[[ Source data open ]]

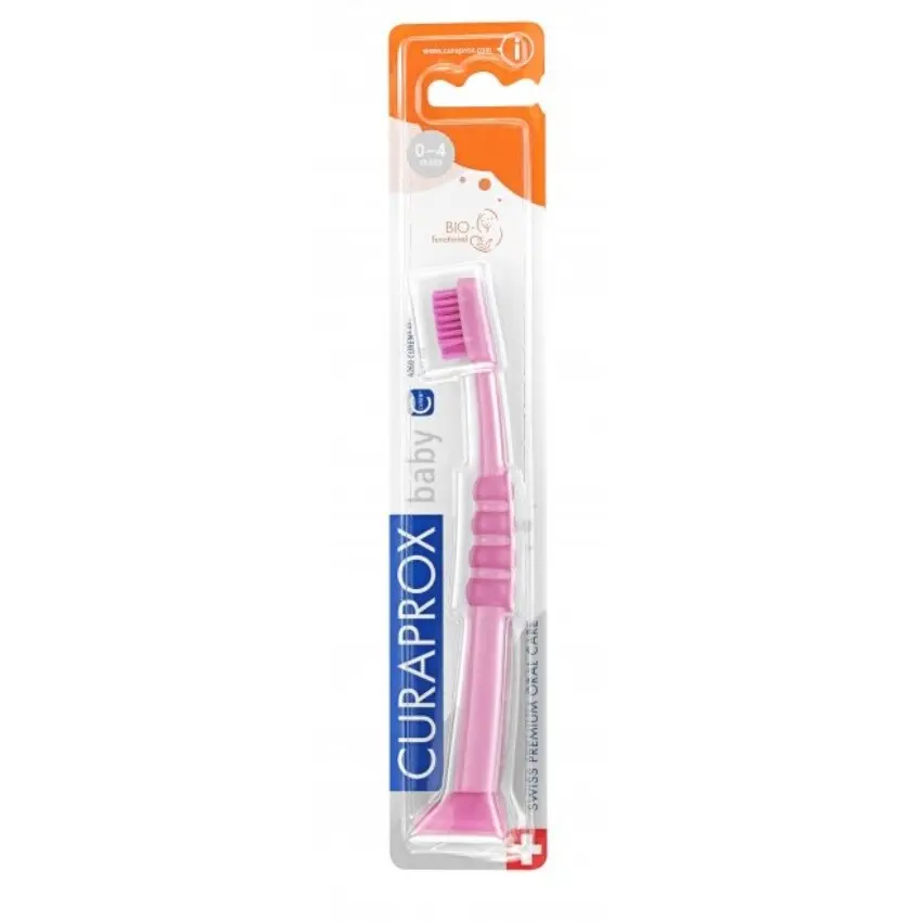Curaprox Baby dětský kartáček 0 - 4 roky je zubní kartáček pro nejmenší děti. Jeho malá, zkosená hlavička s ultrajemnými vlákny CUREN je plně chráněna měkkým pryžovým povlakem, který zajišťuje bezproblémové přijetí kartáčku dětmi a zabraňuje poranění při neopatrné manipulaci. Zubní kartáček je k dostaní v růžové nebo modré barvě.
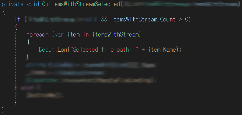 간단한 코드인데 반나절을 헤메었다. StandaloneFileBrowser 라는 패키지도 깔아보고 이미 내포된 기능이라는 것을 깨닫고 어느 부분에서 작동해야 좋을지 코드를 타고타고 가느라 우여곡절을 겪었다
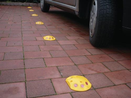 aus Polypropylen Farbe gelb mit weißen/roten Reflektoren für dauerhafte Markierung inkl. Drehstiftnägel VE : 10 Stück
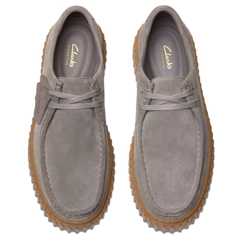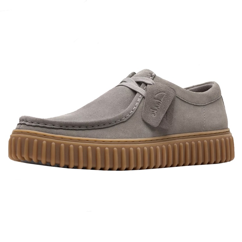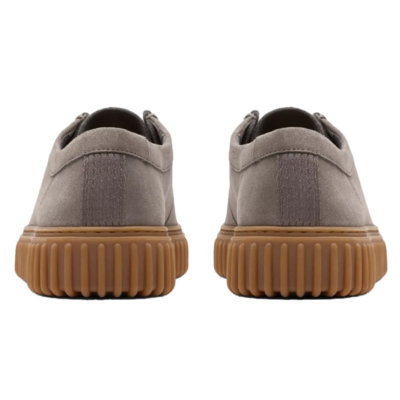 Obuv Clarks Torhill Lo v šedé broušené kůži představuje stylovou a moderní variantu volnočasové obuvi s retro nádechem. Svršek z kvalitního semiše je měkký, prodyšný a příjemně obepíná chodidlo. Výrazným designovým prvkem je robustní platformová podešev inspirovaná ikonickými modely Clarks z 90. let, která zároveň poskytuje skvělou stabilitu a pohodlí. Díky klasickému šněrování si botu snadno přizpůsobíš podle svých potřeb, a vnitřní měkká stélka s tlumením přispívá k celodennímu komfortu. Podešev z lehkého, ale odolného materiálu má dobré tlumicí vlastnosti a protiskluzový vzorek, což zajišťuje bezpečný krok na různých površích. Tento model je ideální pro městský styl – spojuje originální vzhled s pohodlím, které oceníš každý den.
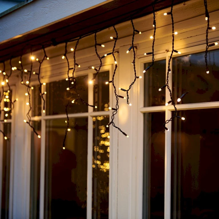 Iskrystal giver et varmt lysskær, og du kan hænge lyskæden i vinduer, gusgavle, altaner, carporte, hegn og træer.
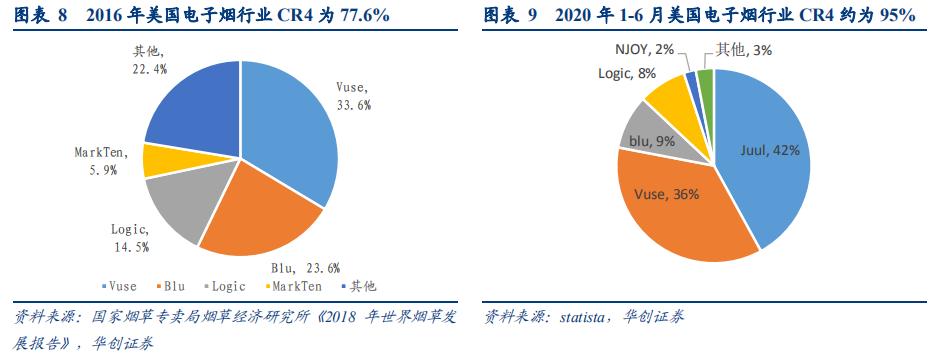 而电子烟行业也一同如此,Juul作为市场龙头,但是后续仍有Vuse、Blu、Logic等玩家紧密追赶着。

[[ Source data closed ]]

● **Task prompt**: Beginning with the line that contains "간단한 코드인데 반나절을" in the data above, please copy each line exactly until the last line, both ends included, skipping any pictures.

● **Completed task**:
 간단한 코드인데 반나절을 헤메었다. StandaloneFileBrowser 라는 패키지도 깔아보고 이미 내포된 기능이라는 것을 깨닫고 어느 부분에서 작동해야 좋을지 코드를 타고타고 가느라 우여곡절을 겪었다
 aus Polypropylen Farbe gelb mit weißen/roten Reflektoren für dauerhafte Markierung inkl. Drehstiftnägel VE : 10 Stück
 Obuv Clarks Torhill Lo v šedé broušené kůži představuje stylovou a moderní variantu volnočasové obuvi s retro nádechem. Svršek z kvalitního semiše je měkký, prodyšný a příjemně obepíná chodidlo. Výrazným designovým prvkem je robustní platformová podešev inspirovaná ikonickými modely Clarks z 90. let, která zároveň poskytuje skvělou stabilitu a pohodlí. Díky klasickému šněrování si botu snadno přizpůsobíš podle svých potřeb, a vnitřní měkká stélka s tlumením přispívá k celodennímu komfortu. Podešev z lehkého, ale odolného materiálu má dobré tlumicí vlastnosti a protiskluzový vzorek, což zajišťuje bezpečný krok na různých površích. Tento model je ideální pro městský styl – spojuje originální vzhled s pohodlím, které oceníš každý den.
 Iskrystal giver et varmt lysskær, og du kan hænge lyskæden i vinduer, gusgavle, altaner, carporte, hegn og træer.
 而电子烟行业也一同如此,Juul作为市场龙头,但是后续仍有Vuse、Blu、Logic等玩家紧密追赶着。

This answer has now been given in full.